Assignment -
In the entries that follow, the line with "2、关卡内操控角色移动,借助右侧跳跃按钮避开怪物攻击,同时瞄准B形怪物射击。" opens the range and the line with "Accessori fermaglio a" closes it; repeat that range exactly, both lines included.

Provided information -
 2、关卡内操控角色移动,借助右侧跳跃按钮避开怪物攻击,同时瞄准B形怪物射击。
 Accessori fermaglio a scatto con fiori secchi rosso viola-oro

* * *

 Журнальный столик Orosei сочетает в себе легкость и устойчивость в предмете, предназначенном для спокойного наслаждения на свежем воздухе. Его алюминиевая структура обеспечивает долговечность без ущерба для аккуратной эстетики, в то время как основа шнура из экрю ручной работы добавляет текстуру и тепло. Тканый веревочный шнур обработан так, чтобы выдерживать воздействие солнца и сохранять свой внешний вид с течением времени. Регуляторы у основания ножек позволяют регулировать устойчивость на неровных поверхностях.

---

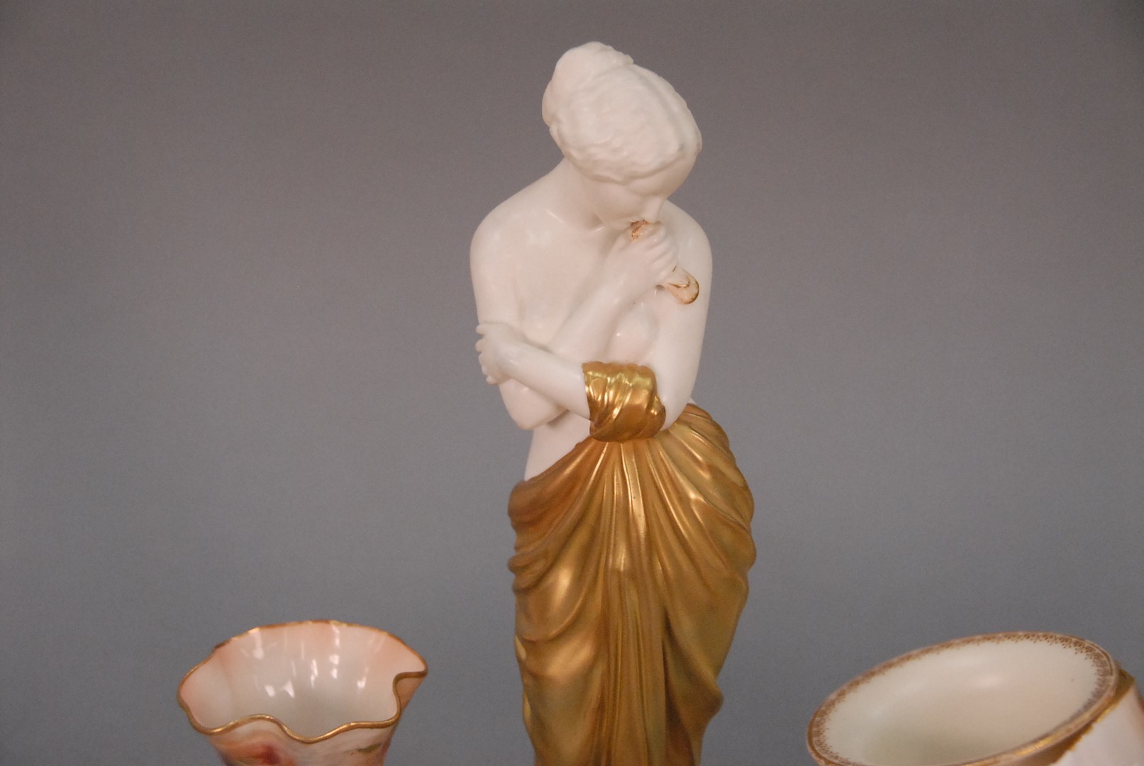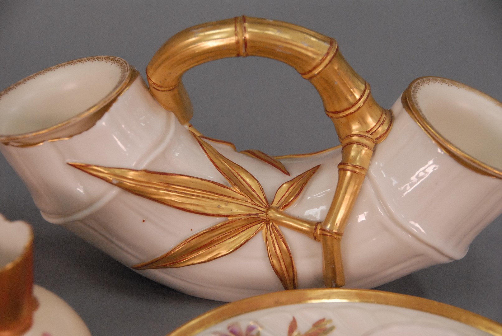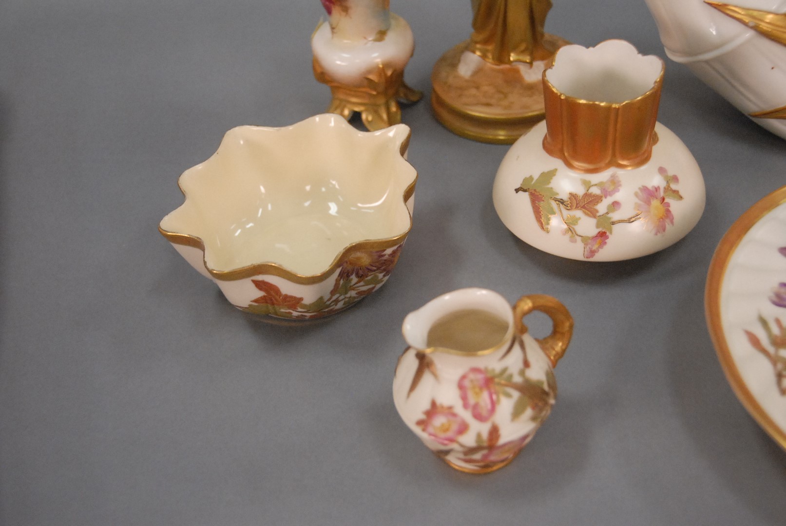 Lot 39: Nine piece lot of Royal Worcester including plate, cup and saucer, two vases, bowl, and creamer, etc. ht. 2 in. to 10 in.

Task output -
 2、关卡内操控角色移动,借助右侧跳跃按钮避开怪物攻击,同时瞄准B形怪物射击。
 Accessori fermaglio a scatto con fiori secchi rosso viola-oro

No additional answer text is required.